§ **Problem requirements**
For the entries below, print exactly the lines between the line holding "The four character" and the line holding "Schematic diagram of", inclusive, and nothing else.

§ **Exercise inputs**
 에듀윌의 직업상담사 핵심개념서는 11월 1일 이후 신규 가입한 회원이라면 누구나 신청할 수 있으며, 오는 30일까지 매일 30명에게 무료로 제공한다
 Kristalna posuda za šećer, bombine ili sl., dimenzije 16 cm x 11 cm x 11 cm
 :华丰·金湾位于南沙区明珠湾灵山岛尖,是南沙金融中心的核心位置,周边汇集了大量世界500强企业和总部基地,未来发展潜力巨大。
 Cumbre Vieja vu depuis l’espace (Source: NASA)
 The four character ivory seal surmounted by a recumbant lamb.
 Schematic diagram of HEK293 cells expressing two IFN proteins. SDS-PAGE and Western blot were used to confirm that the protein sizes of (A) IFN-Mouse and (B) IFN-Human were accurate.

...

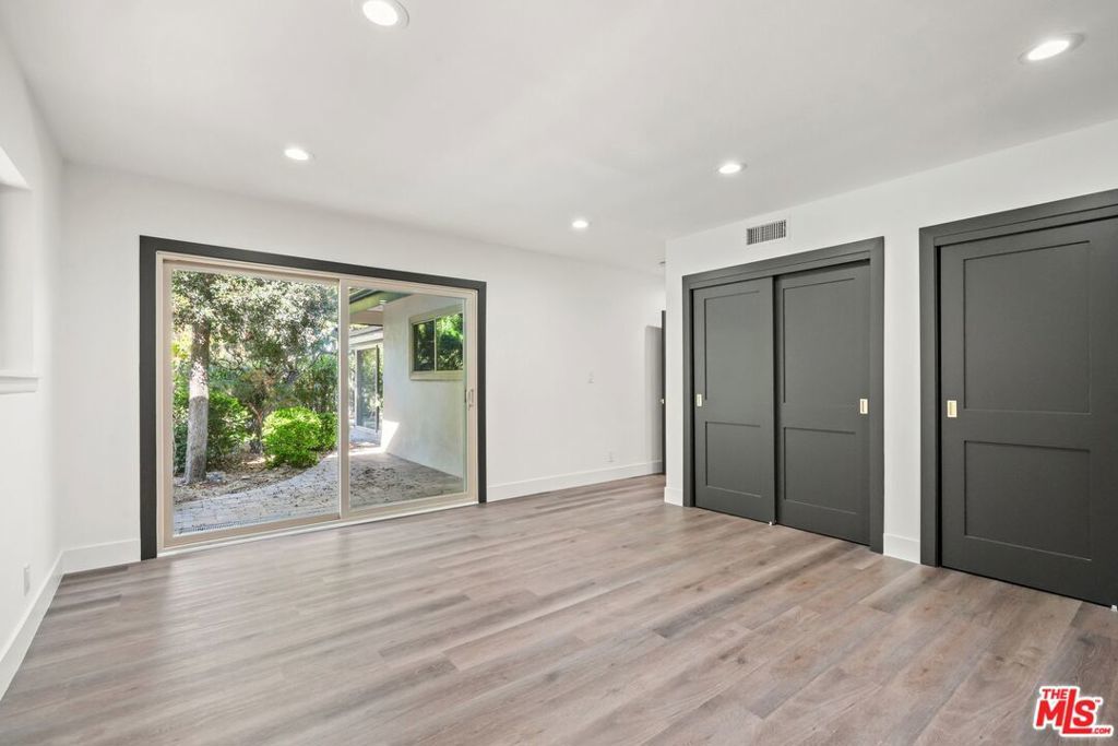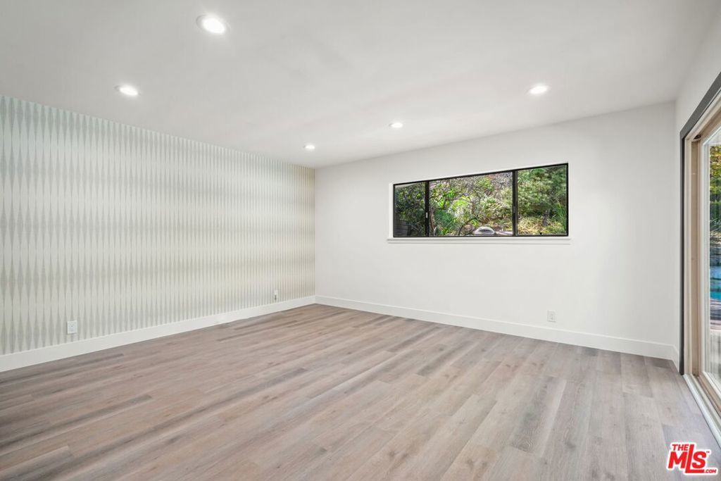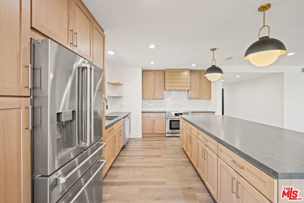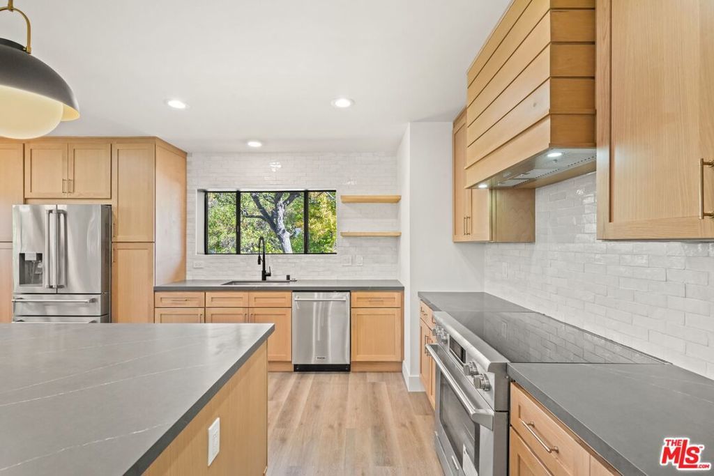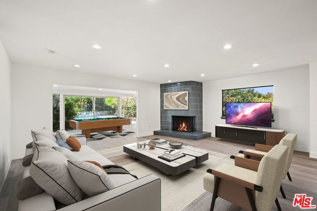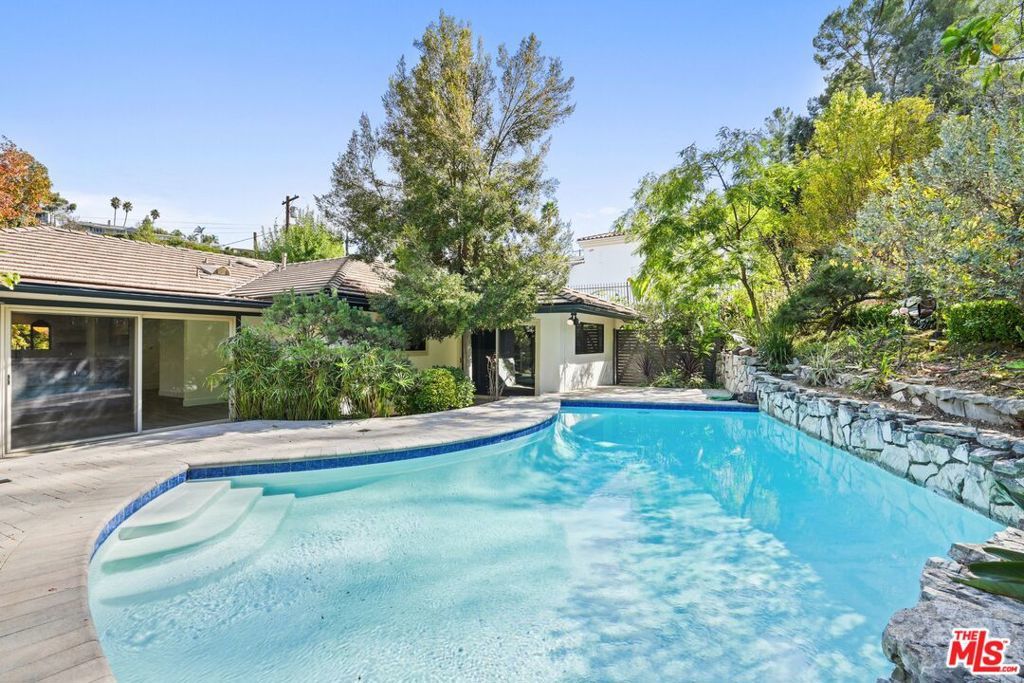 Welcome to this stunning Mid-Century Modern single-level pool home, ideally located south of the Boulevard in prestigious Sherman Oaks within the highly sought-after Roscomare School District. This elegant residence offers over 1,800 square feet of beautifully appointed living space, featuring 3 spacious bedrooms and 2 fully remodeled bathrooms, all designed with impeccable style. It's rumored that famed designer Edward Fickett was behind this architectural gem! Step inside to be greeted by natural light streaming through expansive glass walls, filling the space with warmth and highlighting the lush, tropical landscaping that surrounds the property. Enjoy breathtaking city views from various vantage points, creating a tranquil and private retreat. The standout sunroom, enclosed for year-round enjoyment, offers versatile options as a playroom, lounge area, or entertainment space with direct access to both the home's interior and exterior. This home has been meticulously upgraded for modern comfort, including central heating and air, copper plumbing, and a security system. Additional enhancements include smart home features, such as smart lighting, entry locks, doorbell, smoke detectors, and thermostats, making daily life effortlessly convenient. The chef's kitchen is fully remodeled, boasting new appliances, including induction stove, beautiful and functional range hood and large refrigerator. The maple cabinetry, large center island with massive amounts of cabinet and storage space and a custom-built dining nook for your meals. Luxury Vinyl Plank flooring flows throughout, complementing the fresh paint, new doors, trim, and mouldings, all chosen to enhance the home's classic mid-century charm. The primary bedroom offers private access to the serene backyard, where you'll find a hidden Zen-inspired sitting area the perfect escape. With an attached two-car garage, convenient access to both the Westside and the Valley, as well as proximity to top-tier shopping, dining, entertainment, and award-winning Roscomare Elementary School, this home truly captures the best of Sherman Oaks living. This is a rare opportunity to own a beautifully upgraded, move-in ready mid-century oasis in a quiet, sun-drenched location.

§ **Answer to the problem**
 The four character ivory seal surmounted by a recumbant lamb.
 Schematic diagram of HEK293 cells expressing two IFN proteins. SDS-PAGE and Western blot were used to confirm that the protein sizes of (A) IFN-Mouse and (B) IFN-Human were accurate.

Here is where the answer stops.